Ridley's plot takes on Shakespearean qualities, borrowing greatly from Hamlet. After Curtis' dad dies, his mother re-marries a cut throat man hungry for power: the nationalist politician Mr.Avalon. The similarities don't stop there, as Curtis sees the ghost of his dead brother who ultimately warns him about his new father. The device used to expose Avalon echoes the Mousetrap scene, with Link's speech mirroring Polonius' as he proclaims a story of 'Fantasy. Thriller. Thriller-fantasy. Comedy-weepie-fantasy!' Add this to Curtis and his ex-girlfriend Sarah being trapped between Curtis' nationalist party henchmen and Sarah's multicultural posse and a bit of Romeo and Juliet is added to the mix. This is Shakespeare for the Banksy era.

Just like Shakespeare, Ridley knows how to create dramatic tension which manifests itself frequently as the two opposing friendship groups battle each other for ideological superiority. The cast of extremely talented young actors deliver the myriad of emotions effortlessly as they swell from love, to fear, to anger, to hatred, to betrayal, to forgiveness, to worry, to confusion, to frustration. A finer cast could not be found.

Each actor offers an intense individual performance and nobody ever stops acting, even though they are often onstage without any dialogue for some period of time. No-one acts the stereotype and congratulations must go to director David Mercatali and his cast who make each of the characters believably real young people, confused and angry in a world where there seems to be a Big Bad Wolf around every corner.

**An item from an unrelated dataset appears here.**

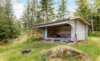 Holiday development "Rödmossa Femton", surrounded by trees. 4 km from the centre of Virserum, 50 km from the centre of Vimmerby, on a slope, 200 m from the lake, 15 km from the river, in a cul-de-sac. For shared use: natural state property 1'000 m2, garden (not fenced) with trees. Private: natural state property 400 m2, garden (not fenced) with trees. Terrace, garden furniture, barbecue. Available: boat. Parking on the premises. Shop 4 km, supermarket 40 km, bus stop "Rödmossa" 300 m, railway station "Vetlanda" 40 km, ferry "Helsingborg" 256 km, grass beach 4 km, indoor swimming pool 60 km. Golf course (18 hole) 60 km. Free fishing. "Rödmossa Femton", 2-room house 35 m2. Object suitable for 4 adults. Bright, beautiful furnishings: living/sleeping room with winter garden with 1 double sofabed, TV, CD-player and DVD. 1 room with 1 double bed. Open kitchen (4 hot plates, oven, microwave, freezer, electric coffee machine) with dining table. Exit to the veranda. Shower/WC. Electric heating. Wooden floors. Facilities: iron. Please note: non-smokers only. Freezer approx. 70 l.

Ridley is a master storyteller and, as well as drawing from Shakespeare, Fairytale references are woven into the plot. Unfortunately the last section drags, starting with Moonfleece's Mousetrap which takes the form of a fairytale mixing reality with fantasy. The story within a story goes on for far too long and the audience needn't hear the whole metaphor to understand what is being hinted at relating to the death of Curtis' brother.

Avalon's party uniform of crisp grey suits with white shirts and red ties to resemble the English flag contrast against the multicoloured neon outfits of Sarah's multicultural friends. Minorities are clearly represented here, be that ethnicity or sexuality and disabled people aren't, as is so often the case, forgotten either, with character Nina using a wheelchair. Some may accuse Ridley of ticking all the minority boxes, but it never feels forced and rightly shows a slice of the diverse and multicultural Britain we live in today.

As Link comments twice in the piece, Zak's storytelling 'is an experience not to be missed', just like Ridley's and this wonderful production.

Playing until 13th March 2010 at Rich Mix and then touring to the Alhambra Studio Bradford, the Leicester Peepul Centre, the Birmingham Drum, the Doncaster Little Theatre, the Mill Theatre and the Dormston Centre Dudley, Riverside Studios London and the Greenwich Theatre.